## WHAT IS EXPECTED
Each record below should be returned word for word, with no pictures included.

## DATA FOR PROCESSING
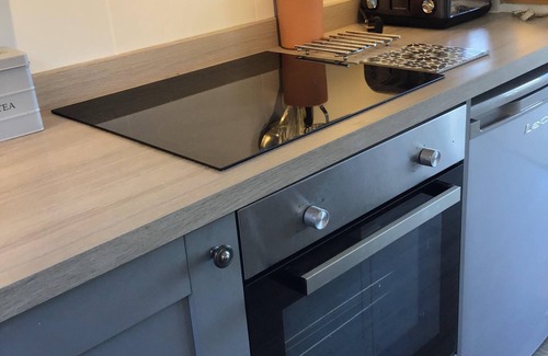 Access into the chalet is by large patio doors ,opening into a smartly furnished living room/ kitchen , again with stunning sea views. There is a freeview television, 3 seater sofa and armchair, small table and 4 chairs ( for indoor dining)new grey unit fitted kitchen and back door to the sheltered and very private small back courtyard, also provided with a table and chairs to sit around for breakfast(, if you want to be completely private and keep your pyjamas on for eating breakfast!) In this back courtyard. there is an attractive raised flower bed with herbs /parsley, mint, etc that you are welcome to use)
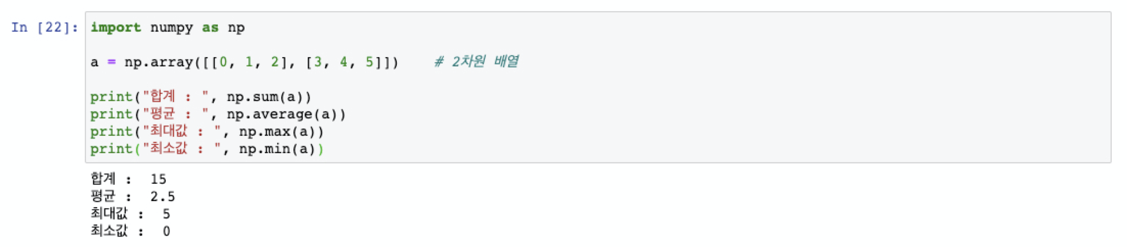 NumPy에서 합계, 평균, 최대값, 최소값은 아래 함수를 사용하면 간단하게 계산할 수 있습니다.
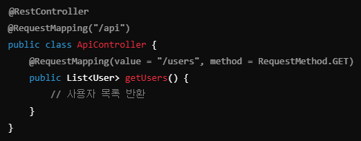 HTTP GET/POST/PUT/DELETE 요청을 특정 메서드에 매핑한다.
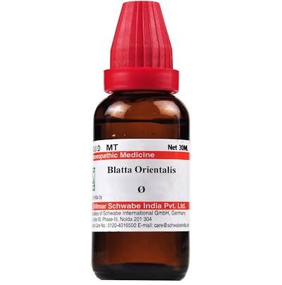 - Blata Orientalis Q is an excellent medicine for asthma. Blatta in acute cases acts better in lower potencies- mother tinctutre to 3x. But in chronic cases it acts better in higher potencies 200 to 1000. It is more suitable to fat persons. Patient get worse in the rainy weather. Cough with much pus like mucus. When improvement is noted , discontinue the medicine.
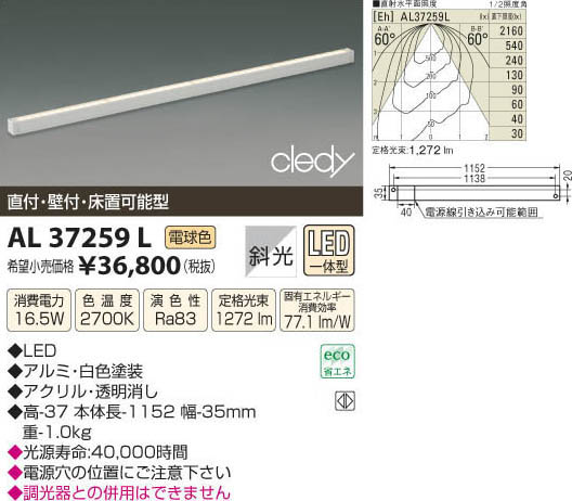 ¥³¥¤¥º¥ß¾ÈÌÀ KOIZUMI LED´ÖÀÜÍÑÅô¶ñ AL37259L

## ANSWER SECTION
 Access into the chalet is by large patio doors ,opening into a smartly furnished living room/ kitchen , again with stunning sea views. There is a freeview television, 3 seater sofa and armchair, small table and 4 chairs ( for indoor dining)new grey unit fitted kitchen and back door to the sheltered and very private small back courtyard, also provided with a table and chairs to sit around for breakfast(, if you want to be completely private and keep your pyjamas on for eating breakfast!) In this back courtyard. there is an attractive raised flower bed with herbs /parsley, mint, etc that you are welcome to use)
 NumPy에서 합계, 평균, 최대값, 최소값은 아래 함수를 사용하면 간단하게 계산할 수 있습니다.
 HTTP GET/POST/PUT/DELETE 요청을 특정 메서드에 매핑한다.
 - Blata Orientalis Q is an excellent medicine for asthma. Blatta in acute cases acts better in lower potencies- mother tinctutre to 3x. But in chronic cases it acts better in higher potencies 200 to 1000. It is more suitable to fat persons. Patient get worse in the rainy weather. Cough with much pus like mucus. When improvement is noted , discontinue the medicine.
 ¥³¥¤¥º¥ß¾ÈÌÀ KOIZUMI LED´ÖÀÜÍÑÅô¶ñ AL37259L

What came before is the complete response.